**What is needed:**
Starting with the line that has "Універсальний інструмент, придатний" in the records below and ending with the line that has "В подземном пешеходном", output those lines exactly and nothing more; omit the pictures.

**Supplied data:**
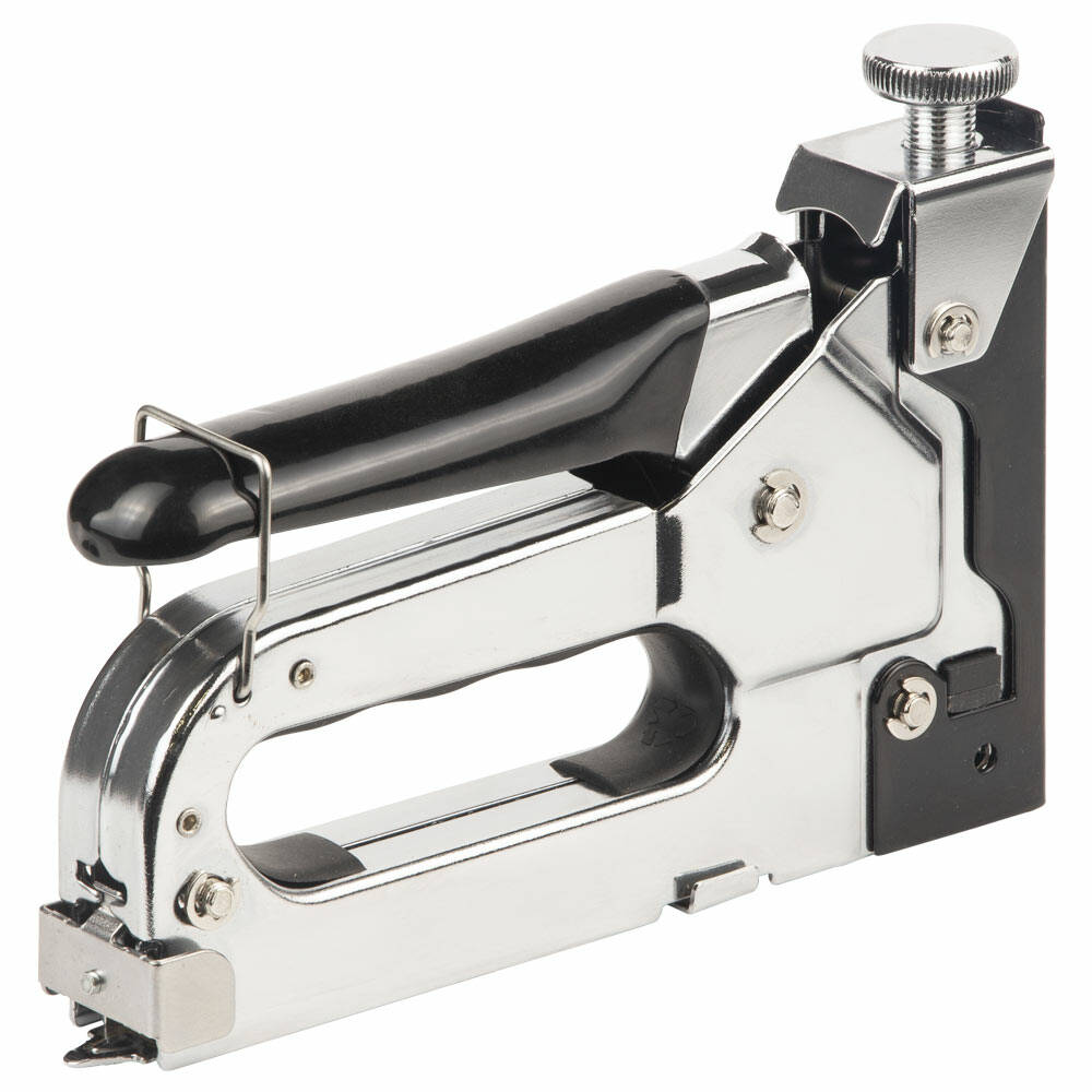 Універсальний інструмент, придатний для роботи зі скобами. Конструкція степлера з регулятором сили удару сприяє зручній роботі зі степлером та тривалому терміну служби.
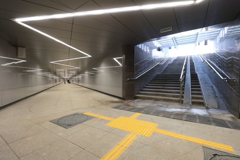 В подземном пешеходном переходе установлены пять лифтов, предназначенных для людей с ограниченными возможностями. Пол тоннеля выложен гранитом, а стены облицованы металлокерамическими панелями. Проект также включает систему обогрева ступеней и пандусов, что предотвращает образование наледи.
==
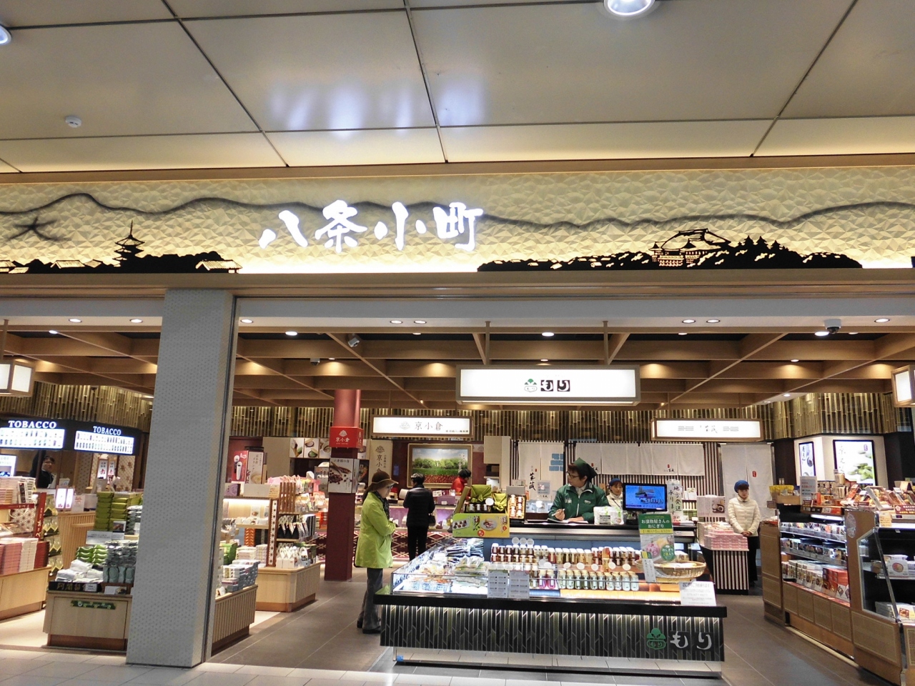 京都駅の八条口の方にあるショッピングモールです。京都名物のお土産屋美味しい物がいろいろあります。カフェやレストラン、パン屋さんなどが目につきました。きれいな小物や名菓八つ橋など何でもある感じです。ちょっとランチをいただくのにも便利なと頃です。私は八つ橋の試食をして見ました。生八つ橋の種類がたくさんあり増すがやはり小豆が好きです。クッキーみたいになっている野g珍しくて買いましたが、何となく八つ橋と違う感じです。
---
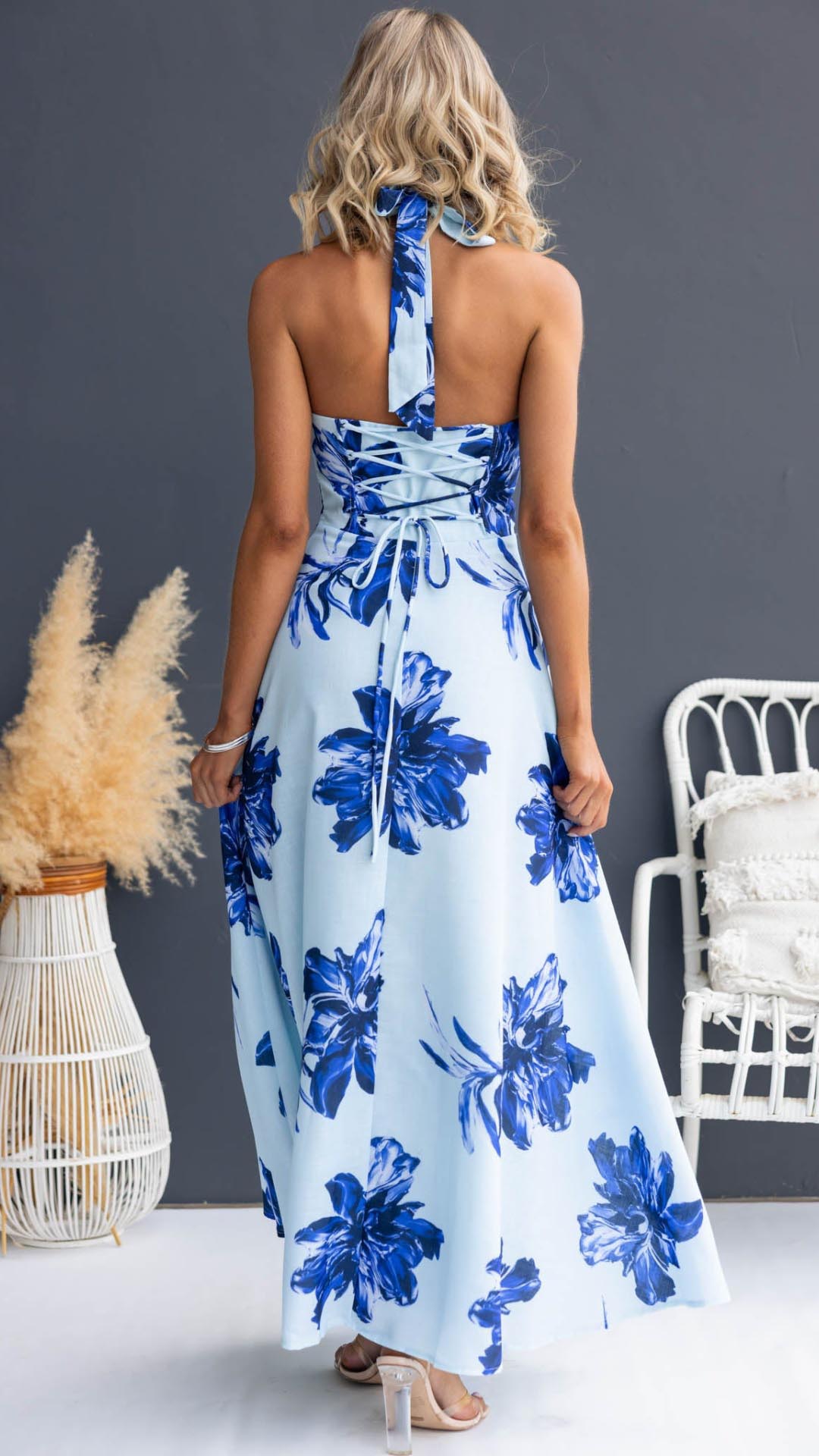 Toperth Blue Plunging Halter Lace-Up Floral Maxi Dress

**Expected answer:**
 Універсальний інструмент, придатний для роботи зі скобами. Конструкція степлера з регулятором сили удару сприяє зручній роботі зі степлером та тривалому терміну служби.
 В подземном пешеходном переходе установлены пять лифтов, предназначенных для людей с ограниченными возможностями. Пол тоннеля выложен гранитом, а стены облицованы металлокерамическими панелями. Проект также включает систему обогрева ступеней и пандусов, что предотвращает образование наледи.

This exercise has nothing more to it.